## [Task instructions]
Return all the entries word for word, minus the pictures.

## [Exercise material]

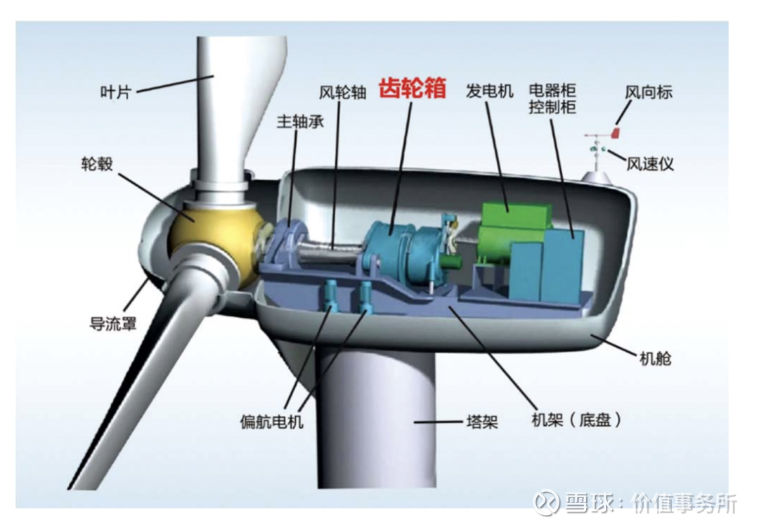 德力佳属于风电产业链中游,它不是什么风机厂商,但却比风机厂商更关键,因为它做的是整个风机最核心、技术难度最高的部件——齿轮箱,也就是下图红字那部分。哪怕再外行,看到这张图也应当明白了齿轮箱的重要性,毫不夸张地说,风电主齿轮箱性能直接决定了风机的运行效率、可靠性和使用寿命。
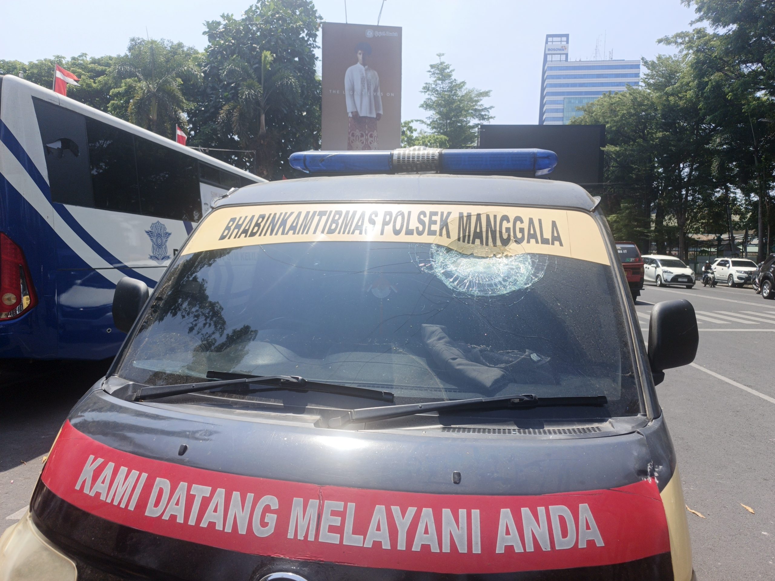 Salah satu kendaraan yang menjadi sasaran utama adalah mobil dinas milik Binmas Polsek Manggala. Akibat lemparan batu, kaca mobil pecah dan bodi kendaraan mengalami kerusakan cukup parah. Tidak berhenti di situ, sebuah mobil pelayanan SIM yang tengah terparkir di depan area Monumen Mandala juga turut menjadi sasaran. Beberapa bagian mobil tersebut mengalami keretakan dan penyok akibat amukan massa.
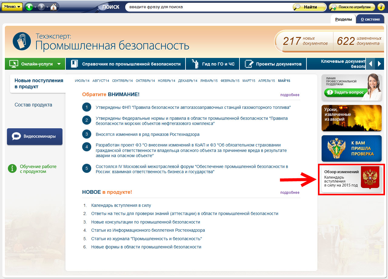 Чтобы всегда оперативно реагировать на изменения, пользуйтесь «Календарем вступления в силу» в системах «Техэксперт: Охрана труда», «Техэксперт: Промышленная безопасность» и «Техэксперт: Пожарная безопасность».
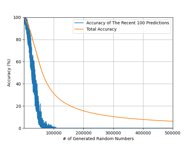 When I plot the accuracy of recent 100 predictions, the plot drops much faster than the total accuracy. And IMHO this is a more appropriate measure when discussing prediction accuracy.
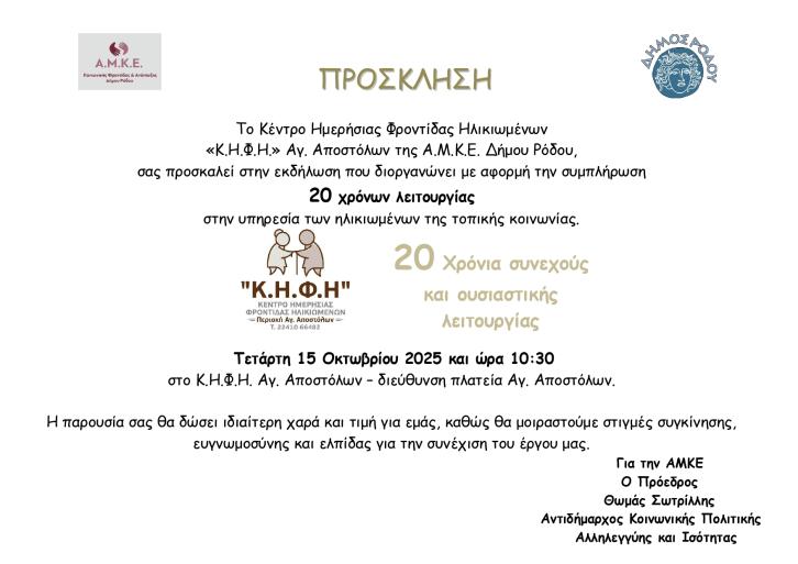 Με αφορμή την συμπλήρωση 20 χρόνων συνεχούς και ουσιαστικής λειτουργίας στην υπηρεσία των ηλικιωμένων της τοπικής μας κοινωνίας, το κέντρο «Κ.Η.Φ.Η. Αγ. Αποστόλων» της εταιρίας Α.Μ.Κ.Ε. Κοινωνικής Φροντίδας & Ανάπτυξης Δήμου Ρόδου, διοργανώνει εκδήλωση εορτασμού με θέμα
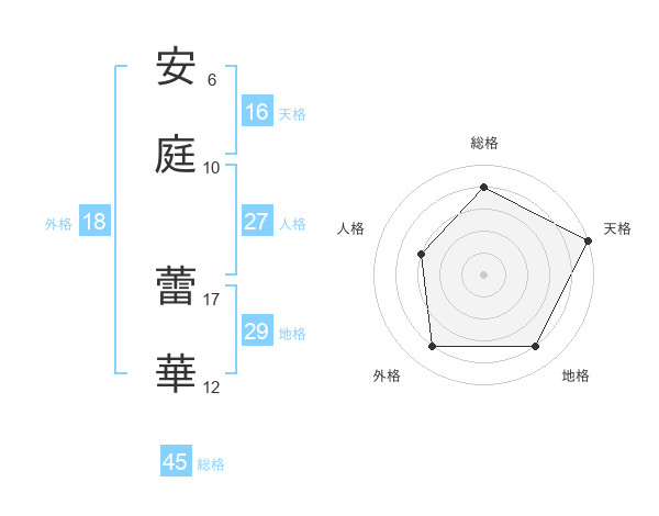 安庭 蕾華さんの総格は45画の4点!
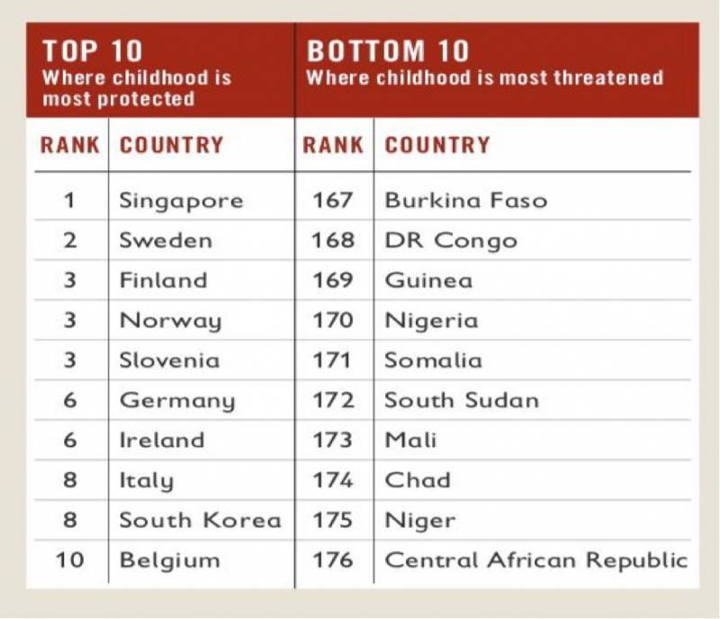 根据调查结果显示,在提供医疗保障、教育、营养供给和儿童权益保护四个方面,新加坡在176个国家中脱颖而出,打败斯洛文尼亚(去年与新加坡同登榜首的国家)、瑞典、芬兰等多个人民幸福指标较高的欧洲国家,在满分1000分中,获得989分。
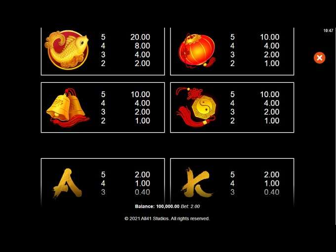 - Highest paying symbol is a golden Koi fish while Lantern, Bells and a Yin - Yang medallion pictures are on a slightly lower payscale

## [Task output]
 德力佳属于风电产业链中游,它不是什么风机厂商,但却比风机厂商更关键,因为它做的是整个风机最核心、技术难度最高的部件——齿轮箱,也就是下图红字那部分。哪怕再外行,看到这张图也应当明白了齿轮箱的重要性,毫不夸张地说,风电主齿轮箱性能直接决定了风机的运行效率、可靠性和使用寿命。
 Salah satu kendaraan yang menjadi sasaran utama adalah mobil dinas milik Binmas Polsek Manggala. Akibat lemparan batu, kaca mobil pecah dan bodi kendaraan mengalami kerusakan cukup parah. Tidak berhenti di situ, sebuah mobil pelayanan SIM yang tengah terparkir di depan area Monumen Mandala juga turut menjadi sasaran. Beberapa bagian mobil tersebut mengalami keretakan dan penyok akibat amukan massa.
 Чтобы всегда оперативно реагировать на изменения, пользуйтесь «Календарем вступления в силу» в системах «Техэксперт: Охрана труда», «Техэксперт: Промышленная безопасность» и «Техэксперт: Пожарная безопасность».
 When I plot the accuracy of recent 100 predictions, the plot drops much faster than the total accuracy. And IMHO this is a more appropriate measure when discussing prediction accuracy.
 Με αφορμή την συμπλήρωση 20 χρόνων συνεχούς και ουσιαστικής λειτουργίας στην υπηρεσία των ηλικιωμένων της τοπικής μας κοινωνίας, το κέντρο «Κ.Η.Φ.Η. Αγ. Αποστόλων» της εταιρίας Α.Μ.Κ.Ε. Κοινωνικής Φροντίδας & Ανάπτυξης Δήμου Ρόδου, διοργανώνει εκδήλωση εορτασμού με θέμα
 安庭 蕾華さんの総格は45画の4点!
 根据调查结果显示,在提供医疗保障、教育、营养供给和儿童权益保护四个方面,新加坡在176个国家中脱颖而出,打败斯洛文尼亚(去年与新加坡同登榜首的国家)、瑞典、芬兰等多个人民幸福指标较高的欧洲国家,在满分1000分中,获得989分。
 - Highest paying symbol is a golden Koi fish while Lantern, Bells and a Yin - Yang medallion pictures are on a slightly lower payscale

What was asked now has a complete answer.